The Spacetime of Diffusion Models: An Information Geometry Perspective¶

Conference: ICLR 2026 arXiv: 2505.17517 Code: GitHub Area: Diffusion Models / Information Geometry / Theoretical Analysis Keywords: Spacetime Geometry, Fisher-Rao Metric, Pullback Geometry, Diffusion Edit Distance, Transition Path Sampling

TL;DR¶

This paper proposes a "spacetime" framework for diffusion models from an information-geometric perspective. It proves that the standard pullback geometry degenerates to straight lines in diffusion models, and introduces instead a spacetime geometry based on the Fisher-Rao metric, from which practically computable diffusion edit distances (DiffED) and transition path sampling methods are derived.

Background & Motivation¶

Understanding the information evolution of intermediate noisy states \(\mathbf{x}_t\) in diffusion models remains an open problem:

Failure of pullback geometry: In generative models, the intrinsic geometry of data is typically studied via pullback of the ambient metric. However, this approach suffers from a fundamental issue in diffusion models.

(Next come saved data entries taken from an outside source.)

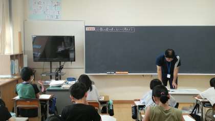 5年生の1時間目は、算数科の学習でした。小数は、倍の時にどうなるかについて考えていました。
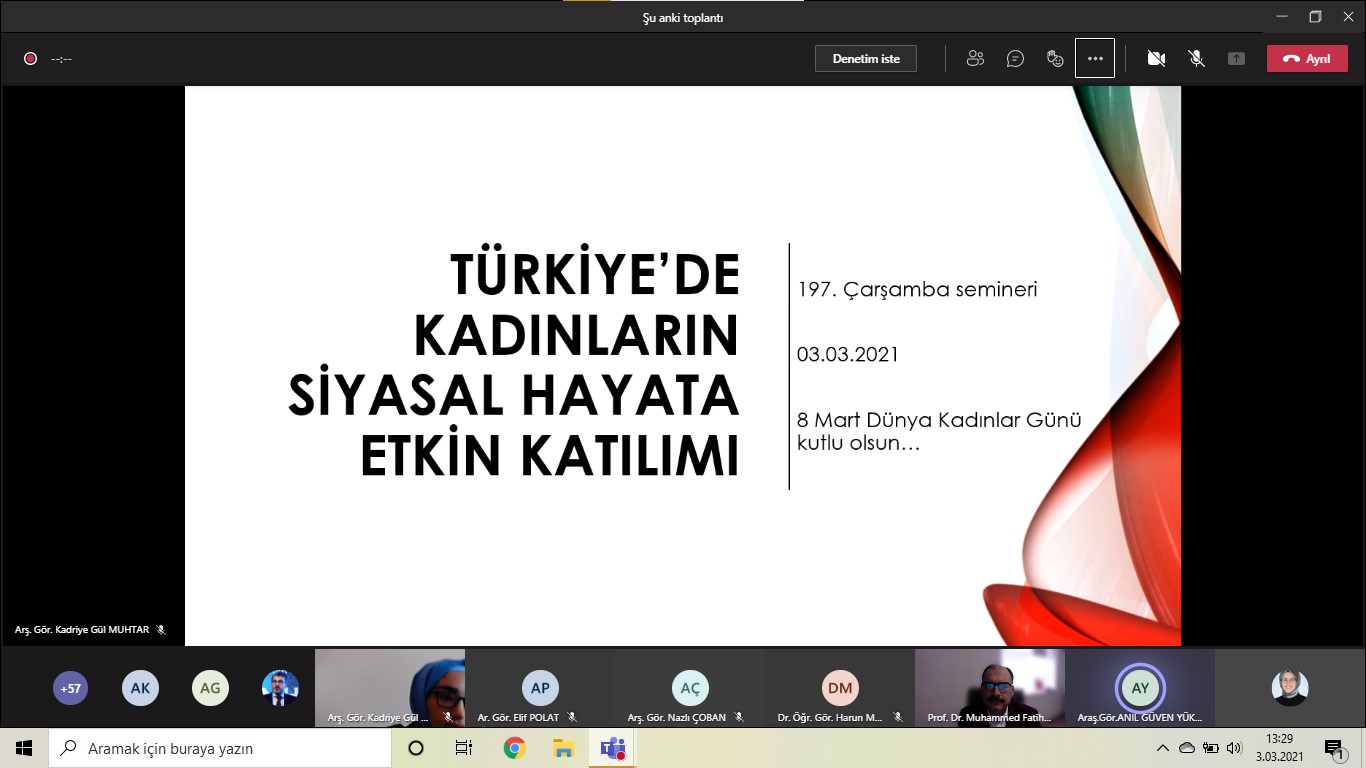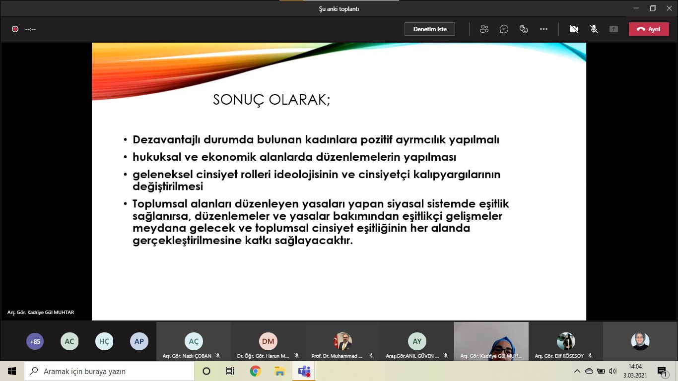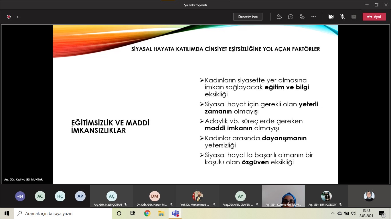 Arş. Gör. Kadriye Gül GÜNGÖR, sunumunda öncelikle konunun önemi hakkında bilgi vermiştir. Akabinde, Türkiye'de kadınların siyasal katılımı, katılım oran ve etkilerine değinilerek açıklanmıştır. Son olarak, siyasal katılımda cinsiyet eşitsizliğine yol açan faktörler, sivil toplum örgütlerinin siyasal katılımdaki önemi ve etkin katılımı artırmaya yönelik bazı yöntemler ele alınmıştır.
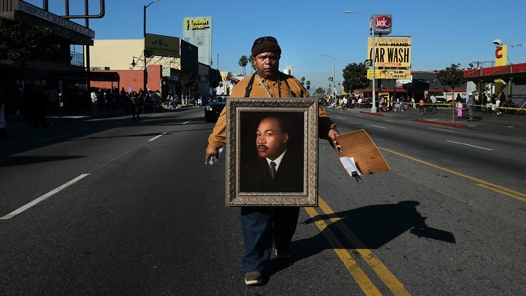 Dr Martin Luther King Jr once had a dream that his children "would one day live in a nation where they will not be judged by the colour of their skin but by the content of their character”. Fifty years on from his assassination, we speak to the artists working to keep the spirit of Dr King and his dream alive. We head to Dr King’s home city of Atlanta, where the award-winning radio presenter Rose Scott speaks to Atlanta's citizens about his legacy. The gospel and soul legend Mavis Staples shares her memories of Dr King. Plus, actor and playwright, Anna Deavere Smith discusses Notes From The Field, her one woman show, which brings to life the stories of ordinary Americans among them current and former inmates, protesters, educators and politicians. We hear from the radical revolutionary artist Dread Scott on the power of protest art and how he creates work that speaks out against oppression in the age of #blacklivesmatter. Presenter: Rose Scott. (Photo: Artist Al Hornsby walks with his painting of Martin Luther King Jr as he participates in the Martin Luther King Jr. parade in Los Angeles, California. Credit: JOE KLAMAR/AFP/Getty Images)

Lack of understanding of intermediate-state geometry: Existing work focuses primarily on sampling and training, with little analysis of how information evolves through the noising process.

Need for principled notions of distance and path: Existing image similarity metrics (e.g., LPIPS) lack a geometric foundation grounded in the generative process.

Method¶

1. Degeneration of Pullback Geometry (Core Negative Result)¶

Theorem: The pullback metric of the deterministic PF-ODE decoder \(\mathbf{x}_T \mapsto \mathbf{x}_0(\mathbf{x}_T)\),

\[\mathbf{G}_{\text{PB}}(\mathbf{x}_T) = \left(\frac{\partial \mathbf{x}_0}{\partial \mathbf{x}_T}\right)^\top \left(\frac{\partial \mathbf{x}_0}{\partial \mathbf{x}_T}\right)\]

causes all geodesics to decode as straight line segments in data space.

Reason: In diffusion models, the latent and data spaces share the same dimensionality; the decoder operates in the ambient space and is thus unable to capture the intrinsic structure of the data manifold.

2. The Memorylessness Problem in Information Geometry¶

The Fisher-Rao metric of the stochastic decoder (reverse SDE) is:

\[\mathbf{G}_{\text{IG}}(\mathbf{x}_T) = \mathbb{E}_{\mathbf{x}_0 \sim p(\mathbf{x}_0|\mathbf{x}_T)}[\nabla_{\mathbf{x}_T}\log p(\mathbf{x}_0|\mathbf{x}_T) \nabla_{\mathbf{x}_T}\log p(\mathbf{x}_0|\mathbf{x}_T)^\top]\]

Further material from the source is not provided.